Exercise »
Return the run of lines below that opens with the line containing "139魔域全自动智能合宝宝辅" and closes with the line containing "5、设计完成后,工艺按任务分", keeping each one exact.

Material to process »
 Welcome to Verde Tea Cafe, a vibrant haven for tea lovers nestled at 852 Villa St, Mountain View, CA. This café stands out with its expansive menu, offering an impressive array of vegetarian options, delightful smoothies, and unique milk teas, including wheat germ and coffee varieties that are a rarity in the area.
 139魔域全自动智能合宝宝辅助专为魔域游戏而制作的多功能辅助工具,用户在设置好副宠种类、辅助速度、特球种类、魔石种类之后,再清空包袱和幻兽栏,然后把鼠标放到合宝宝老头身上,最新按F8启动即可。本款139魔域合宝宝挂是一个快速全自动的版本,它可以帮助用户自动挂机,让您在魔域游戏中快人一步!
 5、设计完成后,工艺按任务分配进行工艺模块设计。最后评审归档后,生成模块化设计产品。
--
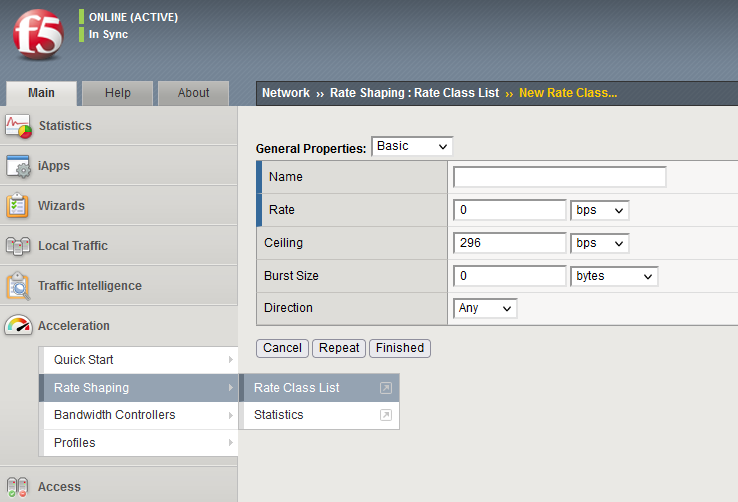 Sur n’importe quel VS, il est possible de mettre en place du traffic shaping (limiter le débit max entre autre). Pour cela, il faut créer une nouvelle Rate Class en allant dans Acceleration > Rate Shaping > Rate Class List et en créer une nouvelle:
* * *
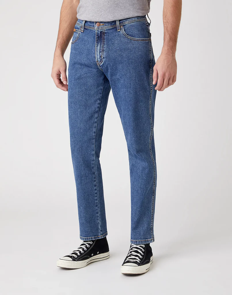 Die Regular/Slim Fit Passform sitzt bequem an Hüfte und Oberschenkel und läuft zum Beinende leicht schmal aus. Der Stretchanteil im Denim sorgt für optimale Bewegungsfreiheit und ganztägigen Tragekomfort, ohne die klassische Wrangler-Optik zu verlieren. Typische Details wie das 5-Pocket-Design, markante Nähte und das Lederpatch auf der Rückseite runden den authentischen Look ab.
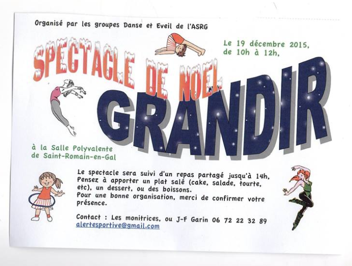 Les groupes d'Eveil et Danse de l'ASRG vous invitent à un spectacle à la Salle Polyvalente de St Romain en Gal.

Solution to this problem »
 139魔域全自动智能合宝宝辅助专为魔域游戏而制作的多功能辅助工具,用户在设置好副宠种类、辅助速度、特球种类、魔石种类之后,再清空包袱和幻兽栏,然后把鼠标放到合宝宝老头身上,最新按F8启动即可。本款139魔域合宝宝挂是一个快速全自动的版本,它可以帮助用户自动挂机,让您在魔域游戏中快人一步!
 5、设计完成后,工艺按任务分配进行工艺模块设计。最后评审归档后,生成模块化设计产品。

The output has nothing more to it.